# Eagle Crest



## MuranoJo (Jan 26, 2009)

Has anyone stayed in a 3 bedroom unit?  I've visited the resort reviews section and only saw a couple of older reviews for the 3 bd units.  I'm not sure if they're all in the same building, if they face the river or the golf course, etc.

Any more current experiences or recommendations as to what to expect, which units to request (if possible), etc.?

TIA,
Jo


----------



## JoeWilly (Jan 27, 2009)

Haven't stayed in a 3 bdr. but the 2bdr is very nice.  Master bedroom with huge jetted tub upstairs, 2nd bedroom downstairs.  Nice furnishing, nice resort, lot of things to do.


----------



## BevL (Jan 27, 2009)

My understanding is that the three bedrooms have their own private hot tubs on the decks, most of them anyway.

This resort is on my "to do" list, I'm just trying to convince a couple of friends that we should go for a week.


----------



## MuranoJo (Jan 27, 2009)

Thanks for the replies, Joe & Bev!

Just curious if all the 3 bds are overlooking the river as two of the older reviews mentioned.  Looking for some scoop re. what to request, if we can.

I hear ya, Bev, about getting people to confirm.  I ran into this last night again--people just don't want to commit that far ahead (in my case 7 mos.)--things may change, may lose job, may pass away, LOL. 

One thing timesharing has taught me is 'she who plans ahead has a vacation.'
For once last year after 6 years of timesharing, I let work get ahead of me and didn't plan one single vacation.  Lost 2 weeks of paid vacation at the end of the year and ended up with only one week of camping.  
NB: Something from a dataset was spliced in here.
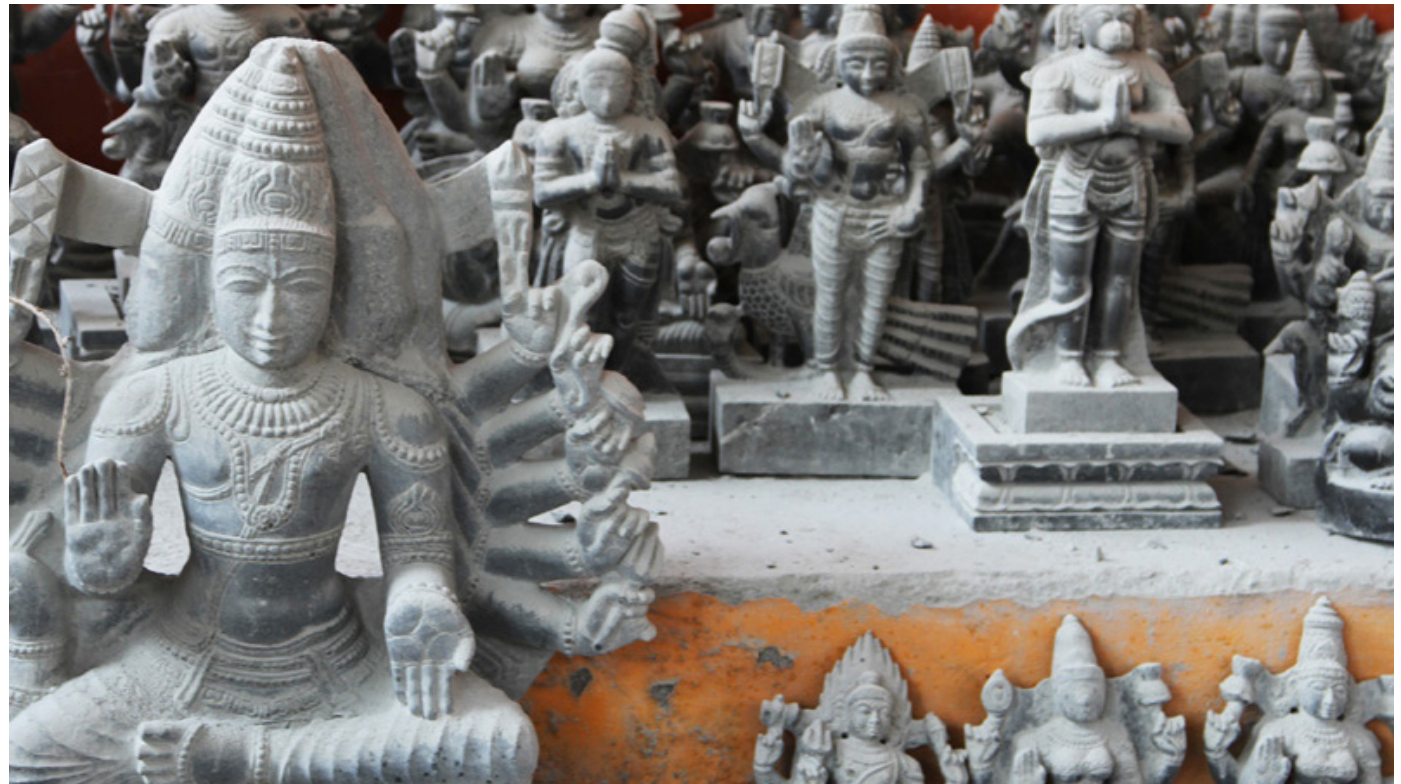
Idol of goddesses carved to cater the surrounding temples.

The magnificent sculptures portray the expertise craftsmanship and also the stone carving history of Mahabalipuram. Every aspect of stone carving is highly attention paid and artistic based. The basic stone is transformed into legendary pieces with elaborated ornament work and detailed facial expressions which gives life to the stone. Few art pieces and lamp shades are interestingly made of stone with Jaali work.

This year, I'm just booking them and whoever can join will join.  If it's just me in a 3bd, so be it and I'll have fun!


----------



## Elan (Jan 27, 2009)

I own a 2BR at Eagle Crest and I was under the impression, but don't know this as fact, that the 3BR units were river view.  There must be 2BR river view units as well, because I'm always asked at reservation time whether I want golf front or river view.  Sorry I can't be of more help.

               Jim


----------



## Icc5 (Jan 28, 2009)

*e-mail them*

Most timeshares have been great at responding to questions we have asked in the past.
Bart


----------



## philemer (Jan 28, 2009)

muranojo said:


> This year, I'm just booking them and whoever can join will join.  If it's just me in a 3bd, so be it and I'll have fun!



I'll go with ya if I can bring my golf clubs.


----------



## MuranoJo (Jan 28, 2009)

philemer said:


> I'll go with ya if I can bring my golf clubs.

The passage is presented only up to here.